_What you will do_. In the data below, find the line that contains "Kreslo Brenda ponúka" and the line that contains "Auf 10 verschiedenen". Copy both, plus every line between them, exactly.

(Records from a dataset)
══════════

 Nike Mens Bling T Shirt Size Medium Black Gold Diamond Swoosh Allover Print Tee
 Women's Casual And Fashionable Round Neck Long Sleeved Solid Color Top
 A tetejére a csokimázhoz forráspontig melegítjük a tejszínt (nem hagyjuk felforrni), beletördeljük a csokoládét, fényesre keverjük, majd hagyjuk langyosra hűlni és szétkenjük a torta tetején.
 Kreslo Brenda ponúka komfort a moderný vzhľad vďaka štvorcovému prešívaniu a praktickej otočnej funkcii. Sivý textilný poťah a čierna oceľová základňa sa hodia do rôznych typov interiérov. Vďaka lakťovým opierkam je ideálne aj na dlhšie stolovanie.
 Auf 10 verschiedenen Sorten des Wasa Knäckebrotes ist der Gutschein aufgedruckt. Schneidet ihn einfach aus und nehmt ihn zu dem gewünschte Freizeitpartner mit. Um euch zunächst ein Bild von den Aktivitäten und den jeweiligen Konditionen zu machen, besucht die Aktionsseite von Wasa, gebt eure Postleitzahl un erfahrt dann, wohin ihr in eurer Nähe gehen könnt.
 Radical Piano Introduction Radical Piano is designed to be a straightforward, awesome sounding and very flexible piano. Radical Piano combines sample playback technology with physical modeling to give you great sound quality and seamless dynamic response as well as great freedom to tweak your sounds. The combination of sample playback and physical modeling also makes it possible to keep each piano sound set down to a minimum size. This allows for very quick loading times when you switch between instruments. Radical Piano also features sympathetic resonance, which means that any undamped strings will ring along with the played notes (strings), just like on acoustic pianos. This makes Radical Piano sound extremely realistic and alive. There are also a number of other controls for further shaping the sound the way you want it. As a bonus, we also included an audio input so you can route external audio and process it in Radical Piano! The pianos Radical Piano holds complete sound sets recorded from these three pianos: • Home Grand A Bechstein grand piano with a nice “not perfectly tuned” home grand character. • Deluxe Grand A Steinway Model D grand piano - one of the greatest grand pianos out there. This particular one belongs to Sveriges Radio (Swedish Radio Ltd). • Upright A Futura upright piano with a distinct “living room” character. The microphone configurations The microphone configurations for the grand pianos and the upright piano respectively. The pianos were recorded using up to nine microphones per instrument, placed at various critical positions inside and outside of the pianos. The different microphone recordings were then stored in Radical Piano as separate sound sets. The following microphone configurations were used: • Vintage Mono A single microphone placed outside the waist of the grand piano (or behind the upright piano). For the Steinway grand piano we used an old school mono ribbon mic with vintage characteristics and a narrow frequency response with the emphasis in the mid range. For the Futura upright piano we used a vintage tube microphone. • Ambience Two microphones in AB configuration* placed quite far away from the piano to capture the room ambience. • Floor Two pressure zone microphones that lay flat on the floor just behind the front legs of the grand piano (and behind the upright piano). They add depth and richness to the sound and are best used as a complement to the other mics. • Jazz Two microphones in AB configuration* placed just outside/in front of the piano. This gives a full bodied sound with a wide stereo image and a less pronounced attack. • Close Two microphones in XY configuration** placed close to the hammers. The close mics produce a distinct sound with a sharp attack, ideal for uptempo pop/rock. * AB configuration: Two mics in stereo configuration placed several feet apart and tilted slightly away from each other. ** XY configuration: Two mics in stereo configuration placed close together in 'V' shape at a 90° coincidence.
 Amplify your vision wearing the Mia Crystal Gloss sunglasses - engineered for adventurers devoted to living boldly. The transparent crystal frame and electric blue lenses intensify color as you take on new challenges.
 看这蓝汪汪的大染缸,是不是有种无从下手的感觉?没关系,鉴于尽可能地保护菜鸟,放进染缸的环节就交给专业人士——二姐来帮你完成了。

══════════

_Response to this exercise_.
 Kreslo Brenda ponúka komfort a moderný vzhľad vďaka štvorcovému prešívaniu a praktickej otočnej funkcii. Sivý textilný poťah a čierna oceľová základňa sa hodia do rôznych typov interiérov. Vďaka lakťovým opierkam je ideálne aj na dlhšie stolovanie.
 Auf 10 verschiedenen Sorten des Wasa Knäckebrotes ist der Gutschein aufgedruckt. Schneidet ihn einfach aus und nehmt ihn zu dem gewünschte Freizeitpartner mit. Um euch zunächst ein Bild von den Aktivitäten und den jeweiligen Konditionen zu machen, besucht die Aktionsseite von Wasa, gebt eure Postleitzahl un erfahrt dann, wohin ihr in eurer Nähe gehen könnt.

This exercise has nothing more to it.